Los estallidos de estrellas masivas (supernovas) es un hecho
que se repite con mucha frecuencia.
Desgraciadamente no son fácilmente observables.
Ni tan siquiera el hecho de que emitan tanta energía en varios días como
toda la galaxia que la contiene.
El culpable, la gran mayoría de las veces,
es el polvo interestelar que nos rodea, que hace de escudo.
Para que se hagan una idea de la capacidad de absorción de este polvo imaginad
que una galaxia espiral como la nuestra se produce una de estas explosiones cada, aproximadamente, 50 años.
Sin embargo en nuestra reciente historia tenemos muy pocas documentadas.
Una en 1054, que fue documentada por los chinos.
La observada en el 1572 por Tycho Brahe. O la de Johannes Kepler en 1604.
Desde entonces no se ha observado ninguna explosión realmente importante.

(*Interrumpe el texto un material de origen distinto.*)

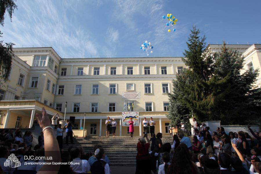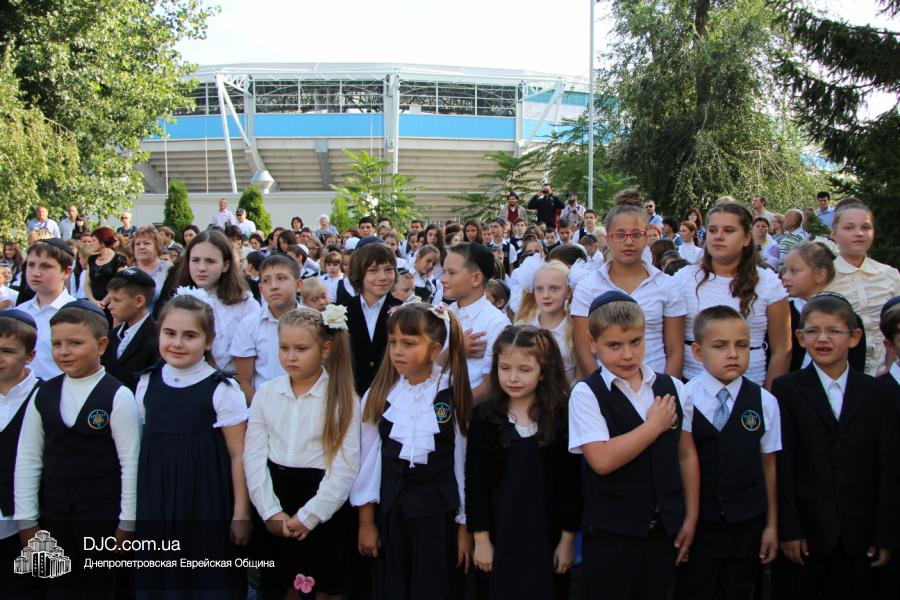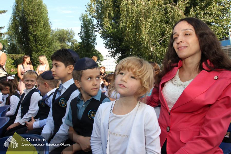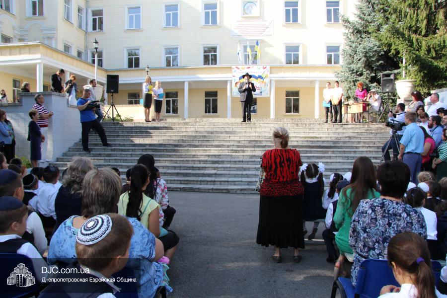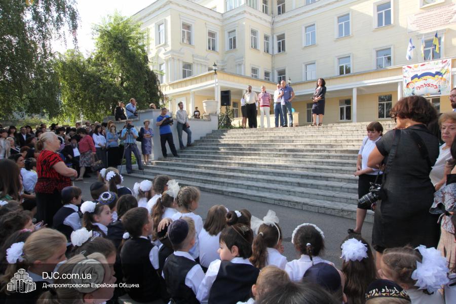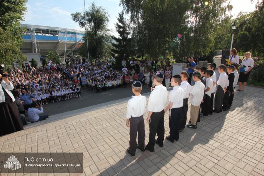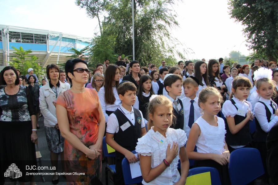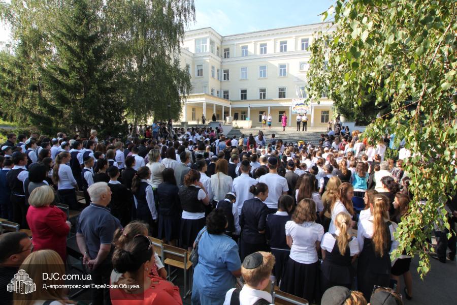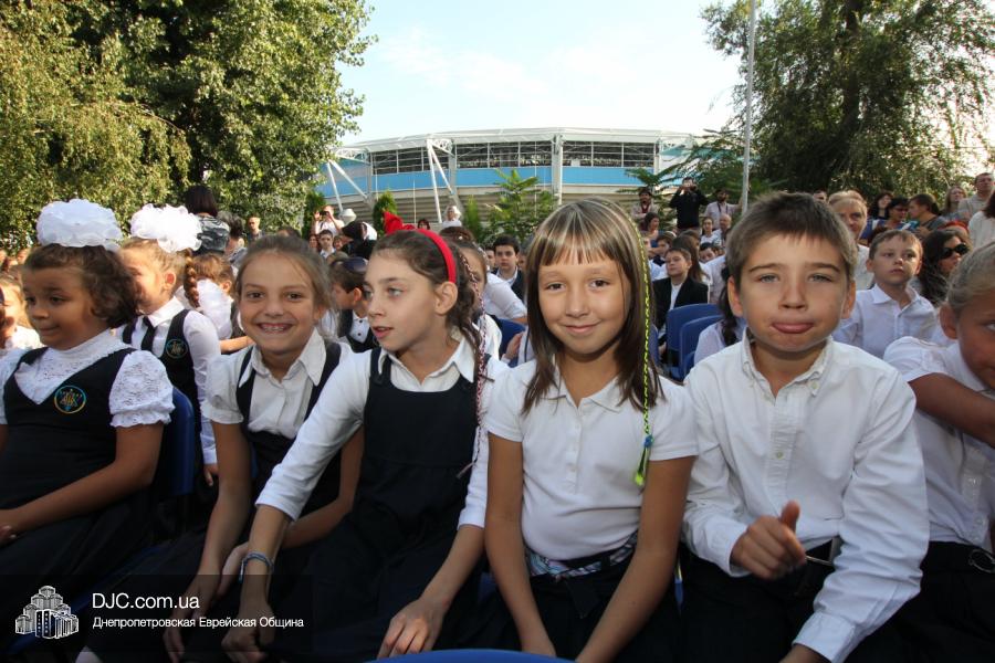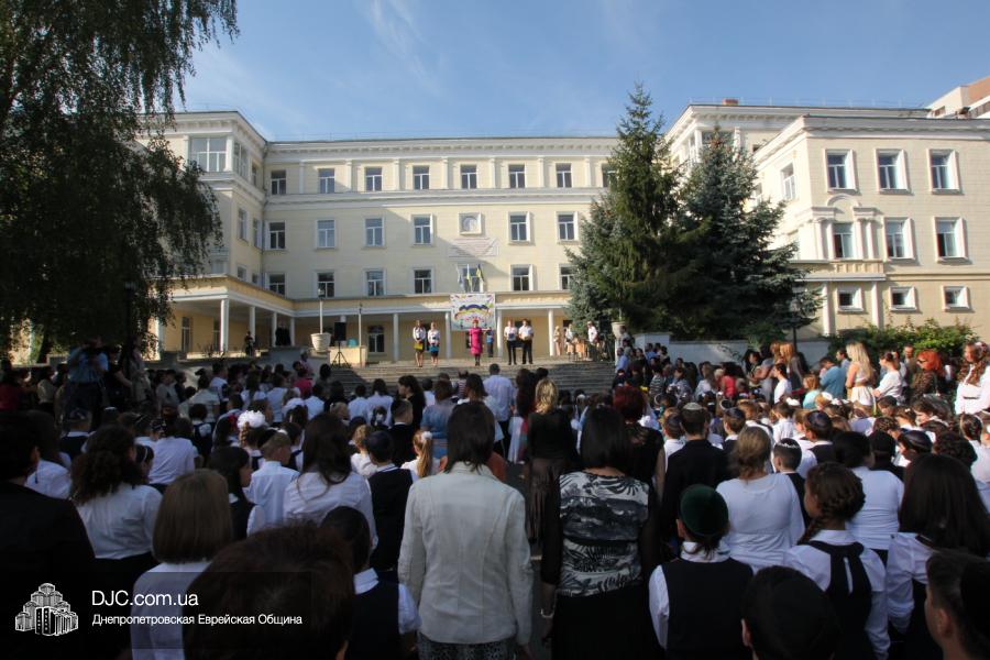 Как всегда, торжественная линейка в честь Дня Знаний прошла на ступенях перед главным корпусом школы. На ней собрались отдохнувшие за лето школьники, их родители, педагоги, администрация школы и руководство еврейской общины нашего города и еврейских структур. Вместе с ними в линейке приняли участие и школьники из восточных областей Украины, которые вместе со своими семьями вынуждены были бежать в Днепропетровск и сейчас приступают к обучению в днепропетровской еврейской школе.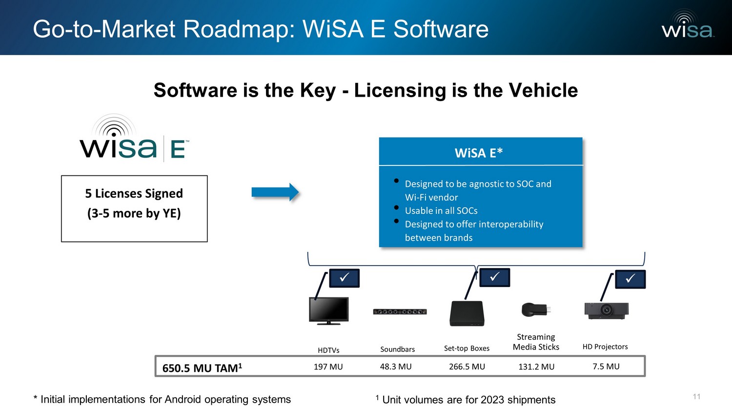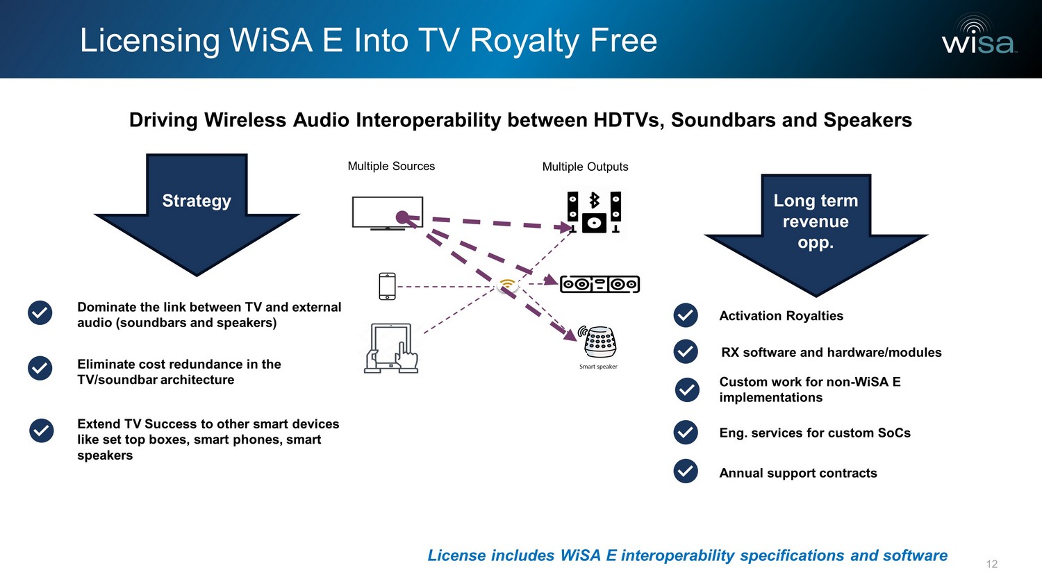 Go - to - Market Roadmap: WiSA E Software Software is the Key - Licensing is the Vehicle WiSA E* • Designed to be agnostic to SOC and Wi - Fi vendor • Usable in all SOCs • Designed to offer interoperability between brands 5 Licenses Signed (3 - 5 more by YE) 48.3 MU 266.5 MU 131.2 MU 7.5 MU HDTVs Soundbars Set - top Boxes Streaming Media Sticks HD Projectors 650.5 MU TAM 1 197 MU * Initial implementations for Android operating systems 1 Unit volumes are for 2023 shipments 11 x x x

Incluso la que se supone que fue la mayor explosión que pudo verse desde nuestro planeta
en el año 1006 pasó sin ser anotada en ningún lugar.
Esta explosión, concretamente, fue descubierta y fechada gracias
a la observación de la nebulosa que dejó tras de si
(la nebulosa del Cangrejo, que es la que se puede ver usando
diferentes telescopios en la foto).
Sin embargo en el año 1979 ya hubo quien se preguntó si no habría ninguna
otra forma de encontrar y datar sucesos de esta magnitud de otra forma
mucho más sencilla y segura.
Empezaron a preguntarse si en lugares como los kilómetros de hielo
que sepultan la Antártida no habría ninguna huella de tales sucesos.
Después de algún proceso como el estallido de una supernova
(o en los picos de actividad solar) la energía llega,
antes o después, a la Tierra.
Lógicamente lo primero que se encuentra es la atmósfera.
Allí transfiere energía a las partículas presentes
y provoca la formación de gran cantidad de iones de nitrato (NO3-).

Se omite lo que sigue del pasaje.